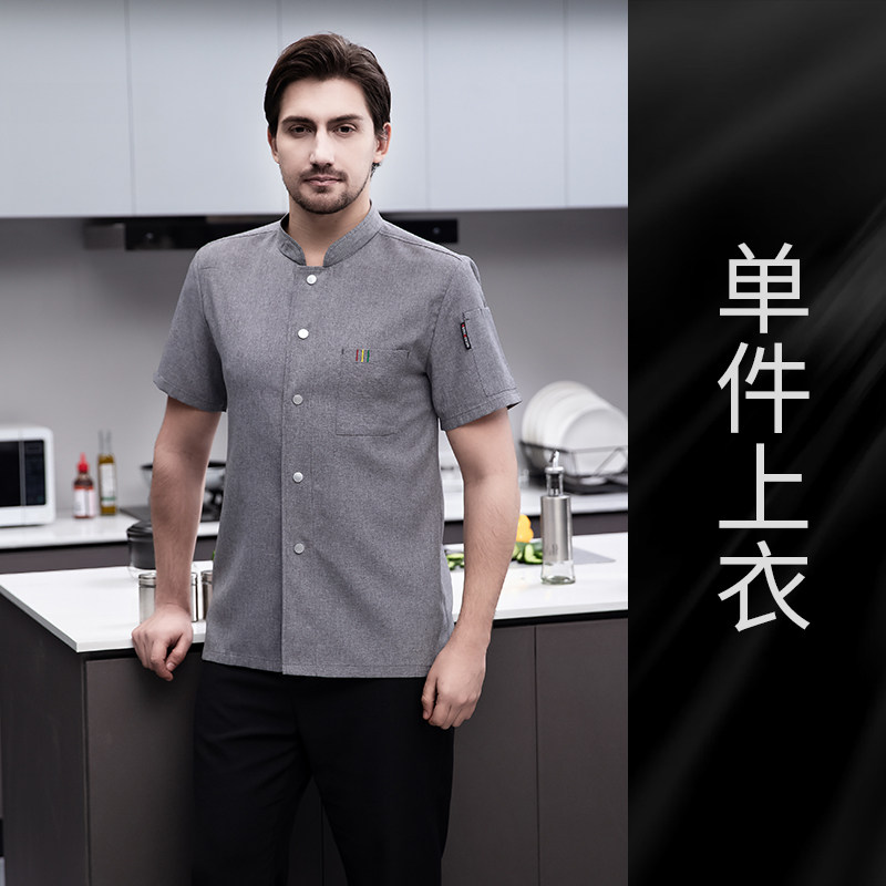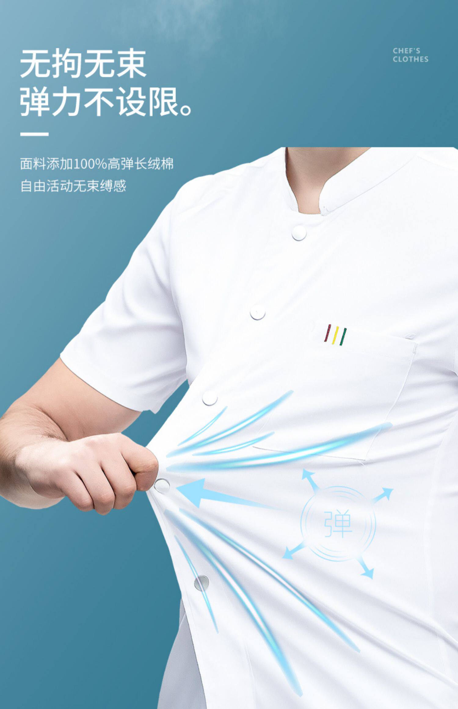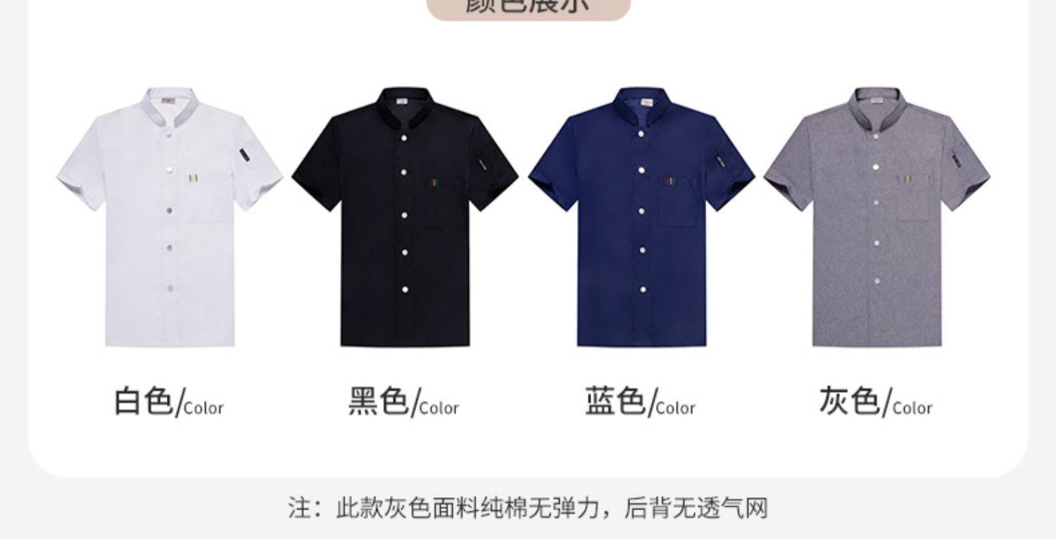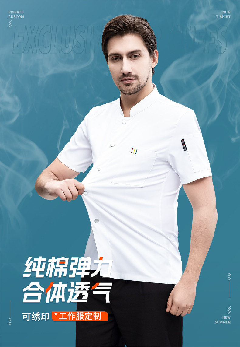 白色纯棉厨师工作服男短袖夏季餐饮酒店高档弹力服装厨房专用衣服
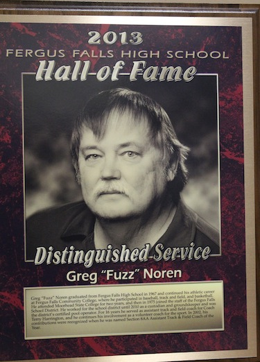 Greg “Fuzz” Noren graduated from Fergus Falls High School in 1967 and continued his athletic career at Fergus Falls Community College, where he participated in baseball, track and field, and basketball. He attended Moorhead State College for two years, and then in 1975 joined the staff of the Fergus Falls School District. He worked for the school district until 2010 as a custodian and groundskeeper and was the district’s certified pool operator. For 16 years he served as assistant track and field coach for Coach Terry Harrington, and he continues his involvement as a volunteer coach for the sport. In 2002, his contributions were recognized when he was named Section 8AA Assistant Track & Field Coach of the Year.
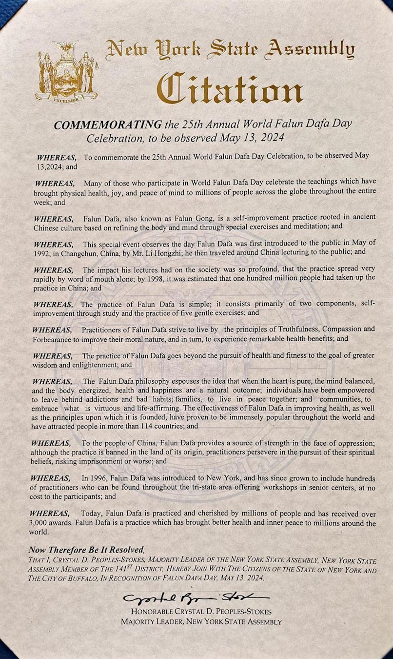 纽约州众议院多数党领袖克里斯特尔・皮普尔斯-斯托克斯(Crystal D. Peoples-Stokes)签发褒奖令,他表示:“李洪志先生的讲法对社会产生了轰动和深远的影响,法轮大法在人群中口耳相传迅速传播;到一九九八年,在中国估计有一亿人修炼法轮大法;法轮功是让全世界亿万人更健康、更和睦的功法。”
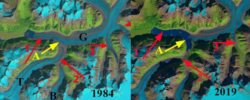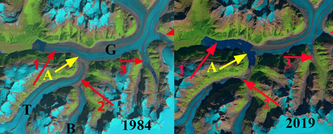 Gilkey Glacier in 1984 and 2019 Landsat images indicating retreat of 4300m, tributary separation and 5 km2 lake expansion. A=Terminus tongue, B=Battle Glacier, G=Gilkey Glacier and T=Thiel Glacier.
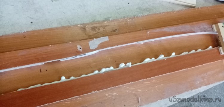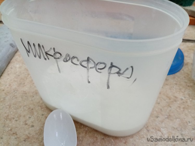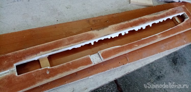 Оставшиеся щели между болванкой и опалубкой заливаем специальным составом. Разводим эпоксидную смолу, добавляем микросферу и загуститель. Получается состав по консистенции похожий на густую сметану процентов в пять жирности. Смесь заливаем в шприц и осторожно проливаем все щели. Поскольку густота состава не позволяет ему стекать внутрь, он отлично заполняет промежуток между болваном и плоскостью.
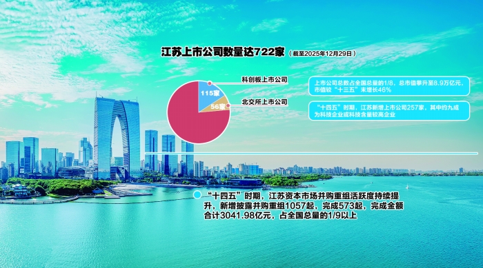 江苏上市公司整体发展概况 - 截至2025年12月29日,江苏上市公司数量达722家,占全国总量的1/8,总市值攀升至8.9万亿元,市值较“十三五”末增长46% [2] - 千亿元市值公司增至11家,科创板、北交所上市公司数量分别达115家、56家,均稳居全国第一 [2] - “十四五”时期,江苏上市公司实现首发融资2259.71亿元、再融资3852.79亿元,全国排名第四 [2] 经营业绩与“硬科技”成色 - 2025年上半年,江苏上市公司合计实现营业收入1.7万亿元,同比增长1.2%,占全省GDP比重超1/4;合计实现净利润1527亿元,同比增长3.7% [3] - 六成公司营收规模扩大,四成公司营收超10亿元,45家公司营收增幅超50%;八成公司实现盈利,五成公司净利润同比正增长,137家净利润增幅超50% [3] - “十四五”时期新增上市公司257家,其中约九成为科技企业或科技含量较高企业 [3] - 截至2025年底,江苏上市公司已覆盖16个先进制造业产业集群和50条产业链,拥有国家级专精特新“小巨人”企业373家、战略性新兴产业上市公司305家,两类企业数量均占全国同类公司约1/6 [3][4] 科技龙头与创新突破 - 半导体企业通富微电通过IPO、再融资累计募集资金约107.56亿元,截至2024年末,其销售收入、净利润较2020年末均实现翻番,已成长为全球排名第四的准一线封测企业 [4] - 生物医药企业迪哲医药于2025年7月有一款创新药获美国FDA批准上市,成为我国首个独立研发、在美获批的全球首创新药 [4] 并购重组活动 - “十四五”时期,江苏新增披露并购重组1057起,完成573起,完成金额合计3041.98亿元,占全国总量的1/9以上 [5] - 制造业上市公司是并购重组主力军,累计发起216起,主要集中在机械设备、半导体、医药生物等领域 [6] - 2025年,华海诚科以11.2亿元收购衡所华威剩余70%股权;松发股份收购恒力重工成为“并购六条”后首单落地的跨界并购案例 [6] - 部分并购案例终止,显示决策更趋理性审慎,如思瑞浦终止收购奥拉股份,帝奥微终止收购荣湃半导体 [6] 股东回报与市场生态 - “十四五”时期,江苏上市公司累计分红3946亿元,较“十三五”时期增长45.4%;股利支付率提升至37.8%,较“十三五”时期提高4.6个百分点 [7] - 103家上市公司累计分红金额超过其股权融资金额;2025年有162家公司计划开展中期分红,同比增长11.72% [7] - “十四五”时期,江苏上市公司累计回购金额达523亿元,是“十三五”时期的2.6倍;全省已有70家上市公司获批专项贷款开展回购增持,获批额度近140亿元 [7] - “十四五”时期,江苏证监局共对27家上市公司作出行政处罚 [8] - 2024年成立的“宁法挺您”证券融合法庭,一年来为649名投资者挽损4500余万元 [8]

What is required:
Give back exactly the lines from the first line of the data through the line with "Gilkey Glacier in", pictures excluded.

Result of this task:
 白色纯棉厨师工作服男短袖夏季餐饮酒店高档弹力服装厨房专用衣服
 Greg “Fuzz” Noren graduated from Fergus Falls High School in 1967 and continued his athletic career at Fergus Falls Community College, where he participated in baseball, track and field, and basketball. He attended Moorhead State College for two years, and then in 1975 joined the staff of the Fergus Falls School District. He worked for the school district until 2010 as a custodian and groundskeeper and was the district’s certified pool operator. For 16 years he served as assistant track and field coach for Coach Terry Harrington, and he continues his involvement as a volunteer coach for the sport. In 2002, his contributions were recognized when he was named Section 8AA Assistant Track & Field Coach of the Year.
 纽约州众议院多数党领袖克里斯特尔・皮普尔斯-斯托克斯(Crystal D. Peoples-Stokes)签发褒奖令,他表示:“李洪志先生的讲法对社会产生了轰动和深远的影响,法轮大法在人群中口耳相传迅速传播;到一九九八年,在中国估计有一亿人修炼法轮大法;法轮功是让全世界亿万人更健康、更和睦的功法。”
 Gilkey Glacier in 1984 and 2019 Landsat images indicating retreat of 4300m, tributary separation and 5 km2 lake expansion. A=Terminus tongue, B=Battle Glacier, G=Gilkey Glacier and T=Thiel Glacier.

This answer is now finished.